The equation of the plane passing through three non - collinear points with positions vectors a,b,c, is

To find the equation of the plane passing through three non-collinear points with position vectors **a**, **b**, and **c**, we can follow these steps: ### Step 1: Define the Position Vector of a Point on the Plane Let **R** be the position vector of any point on the plane. The vectors **a**, **b**, and **c** represent three points in space. ### Step 2: Formulate the Vector Equation The vector equation of the plane can be expressed using the position vectors of the points.

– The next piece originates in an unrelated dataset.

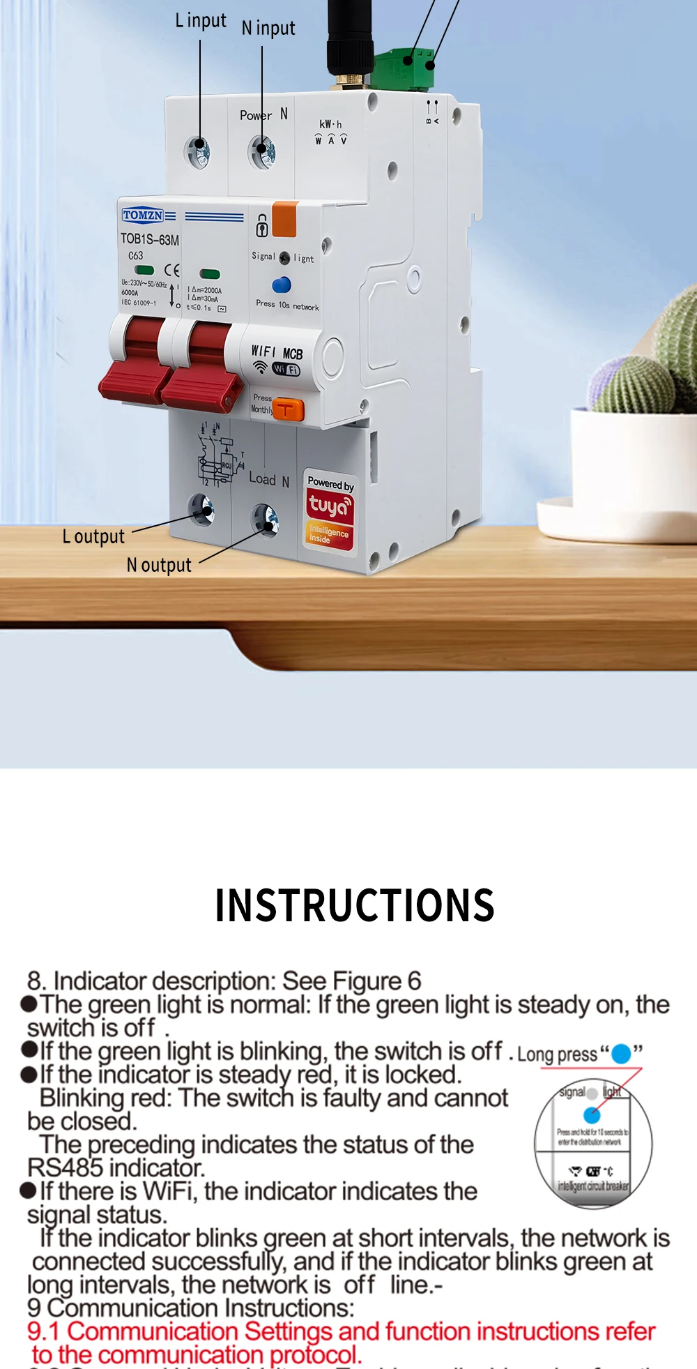 5. Leakage alarm 10-90mA(adjustable) (default: 30mA)

We can express the vector **R** in terms of the vectors **a**, **b**, and **c**: \[ \text{R} - \text{a} = \lambda (\text{b} - \text{a}) + \mu (\text{c} - \text{a}) \] where \(\lambda\) and \(\mu\) are scalars. ### Step 3: Rearranging the Equation Rearranging the equation gives: \[ \text{R} = \text{a} + \lambda (\text{b} - \text{a}) + \mu (\text{c} - \text{a}) \] ### Step 4: Use the Cross Product to Find the Normal Vector The normal vector to the plane can be found using the cross product of two vectors lying in the plane: \[ \text{n} = (\text{b} - \text{a}) \times (\text{c} - \text{a}) \] ### Step 5: Write the Equation of the Plane The general equation of a plane can be written as: \[ \text{n} \cdot (\text{R} - \text{a}) = 0 \] Substituting the normal vector: \[ ((\text{b} - \text{a}) \times (\text{c} - \text{a})) \cdot (\text{R} - \text{a}) = 0 \] ### Step 6: Expand the Equation Expanding this gives: \[ (\text{b} - \text{a}) \times (\text{c} - \text{a}) \cdot \text{R} - (\text{b} - \text{a}) \times (\text{c} - \text{a}) \cdot \text{a} = 0 \] ### Step 7: Final Form The final equation of the plane can be expressed as: \[ \text{R} \cdot ((\text{b} - \text{a}) \times (\text{c} - \text{a})) = \text{a} \cdot ((\text{b} - \text{a}) \times (\text{c} - \text{a})) \] ### Summary Thus, the equation of the plane passing through the points with position vectors **a**, **b**, and **c** is: \[ \text{R} \cdot ((\text{b} - \text{a}) \times (\text{c} - \text{a})) = \text{a} \cdot ((\text{b} - \text{a}) \times (\text{c} - \text{a})) \]